In 1940 Wolfe married Henry Roy Partridge, a specialist in agricultural economics and commercial dietetics at Tuskegee Institute. They had one son (Henry Roy Partridge, Jr.) and separated in 1950. Wolfe later married Estemore Alvis Wolfe, a business executive, in 1959. Their marriage ended in 1966.

Wolfe was the Vice-President of the National Alliance for Safer Cities, an official nongovernmental organization represented at the United Nations, and was active in Delta Kappa Gamma, Zeta Phi Beta, and Kappa Delta Pi sororities. She died in 2004.

Physical Location

Collection stored off site: researchers must request access 36 hours before use.

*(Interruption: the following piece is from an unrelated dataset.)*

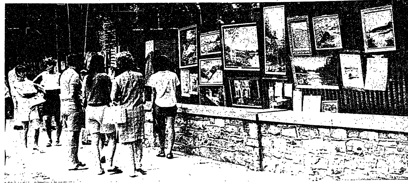
Browsers appraise the many paintings displayed along the sidewalks

Immediate Source of Acquisition

Accession number: 98-M104

The papers of Deborah Wolfe were given to the Schlesinger Library in June 1998 by Deborah Wolfe.

Related Material:

There is related material at the Schlesinger Library; see Wolfe's oral history in the Interviews of the Black Women Oral History Project, 1976-1981 (OH-31; T-32) and an additional photo of Wolfe in the Biographical files of the Black Women Oral History Project, 1879-2011 (MC 916).

Processing Information

Processed: July 2017

By: Jehan Sinclair, with assistance from Margaret Dalton.

Title
Wolfe, Deborah, 1916-2004. Papers of Deborah Wolfe, 1945-1970: A Finding Aid
Author
Arthur and Elizabeth Schlesinger Library on the History of Women in America
Language of description
eng
EAD ID
sch01536

Repository Details

Part of the Schlesinger Library, Radcliffe Institute Repository

The preeminent research library on the history of women in the United States, the Schlesinger Library documents women's lives from the past and present for the future. In addition to its traditional strengths in the history of feminisms, women’s health, and women’s activism, the Schlesinger collections document the intersectional workings of race and ethnicity, gender, sexuality, and class in American history.